Lisuan Debuts Lisuan Extreme Gaming GPU and LX Pro AI Cards in China With 7G106 Silicon
LisuanTech has officially introduced its new Lisuan Extreme gaming graphics card alongside the LX series for professional and AI focused workloads in China, marking the company’s first real commercial push around its 7G106 GPU. The launch has been covered by multiple outlets, while LisuanTech’s own site now highlights the company’s Lisuan eXtreme GPU family as part of its broader TrueGPU roadmap.
The gaming side of the launch is centered on the Lisuan Extreme LX 7G100, a consumer card built on a 6nm 7G106 GPU with 12GB of GDDR6 memory on a 192 bit bus, PCIe 4.0 x16, 192 TMUs, 96 ROPs, and a rated board power of up to 225W supplied through a single 8 pin connector. Reports on the launch also describe a Founders Edition style variant and a planned June 18 retail debut in China.
From a design standpoint, the Lisuan Extreme card is described as a triple slot, triple fan product with 4 DisplayPort 1.4a outputs. Coverage of the announcement says it supports output up to 8K at 60Hz HDR, while media features include AV1 4K at 30 FPS encode, HEVC 8K at 30 FPS encode, and AV1 and HEVC 8K at 60 FPS decode. On the software side, the card is said to support DirectX 12, Vulkan 1.3, OpenGL 4.6, and OpenCL 3.0, which is a meaningful point for a domestic Chinese GPU vendor trying to present itself as ready for modern PC gaming rather than only specialized local workloads.
Lisuan is also leaning hard into game compatibility. Reporting on the launch says the company is advertising out of box support for modern AAA titles including Baldur’s Gate 3, Cyberpunk 2077, Elden Ring, Black Myth: Wukong, The Witcher 3, Monster Hunter Rise, Resident Evil 4, and Sekiro. That does not automatically tell us how competitive performance will be against AMD, NVIDIA, or Intel across the board, because Lisuan has not publicly provided the kind of broad benchmark stack enthusiasts would usually want. But it does show where the company wants this card to land in perception: as a real gaming product, not just a patriotic proof of concept.
Alongside the gaming card, Lisuan has unveiled its LX lineup for workstation, prosumer, and AI related use. Current reporting describes 3 variants: LX Ultra, LX Pro, and LX Max. The LX Ultra is positioned as the flagship with 24GB of VRAM and a blower style cooler, making it more suitable for denser workstation or server style deployment.

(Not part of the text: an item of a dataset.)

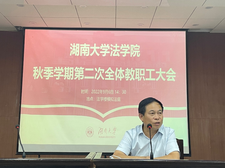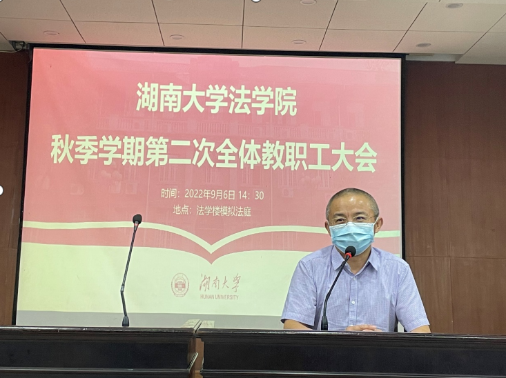 在模拟法庭召开2022年秋季学期第二次全体教职工大会,大会由香香漫画

The LX Pro also carries 24GB of VRAM but uses a more conventional dual axial fan layout, while the LX Max is the lower tier option with 12GB of VRAM and a similar dual fan design.
Compatibility is another area Lisuan is clearly emphasizing. Reports say the LX series is being positioned to work with CPUs from Intel, AMD, Hygon, Loongson, Phytium, and Zhaoxin, with operating system support including Windows, UOS, Ubuntu, and Kylin. That is commercially significant in China because it aligns the cards not only with mainstream x86 platforms, but also with several domestic processor and software ecosystems that matter for state aligned, enterprise, and localization driven deployments. Pre orders for the LX series are also reported to begin on March 17.
There is also a bigger strategic angle here. LisuanTech’s official site now openly describes its GPU effort as a domestically developed “rendering and inference integrated GPU” platform and highlights the Lisuan eXtreme family as part of China’s push to build more self controlled graphics and AI hardware. Separately, Lisuan’s technology page points to in house features such as super resolution style upscaling and virtualization support on 7G106, suggesting the company is trying to build a more complete platform story instead of competing on silicon alone.
That said, the real test starts now. Announcing products is one thing. Delivering stable drivers, broad game compatibility, consistent real world performance, and reliable supply is another. China has been pushing for stronger domestic GPU alternatives for years, but the market has historically been unforgiving when software maturity or developer support lags behind the hardware message. Lisuan’s new launch looks like one of the more serious attempts yet to break through that ceiling, especially because it is targeting both gaming and AI workstation segments at the same time. This last point is an inference based on the product positioning and compatibility claims in launch coverage and on LisuanTech’s official platform messaging.
For now, the headline is clear: Lisuan is no longer talking only about prototypes. It now has named gaming and pro cards, a stated retail window for the consumer model, and a clearer commercial identity around the 7G106. Whether that turns into a real challenger in the broader GPU conversation will depend on what happens after launch day.
What do you think, could Lisuan’s new 7G106 based cards become a meaningful step forward for China’s domestic GPU market, or is the software and ecosystem gap still too wide to close quickly?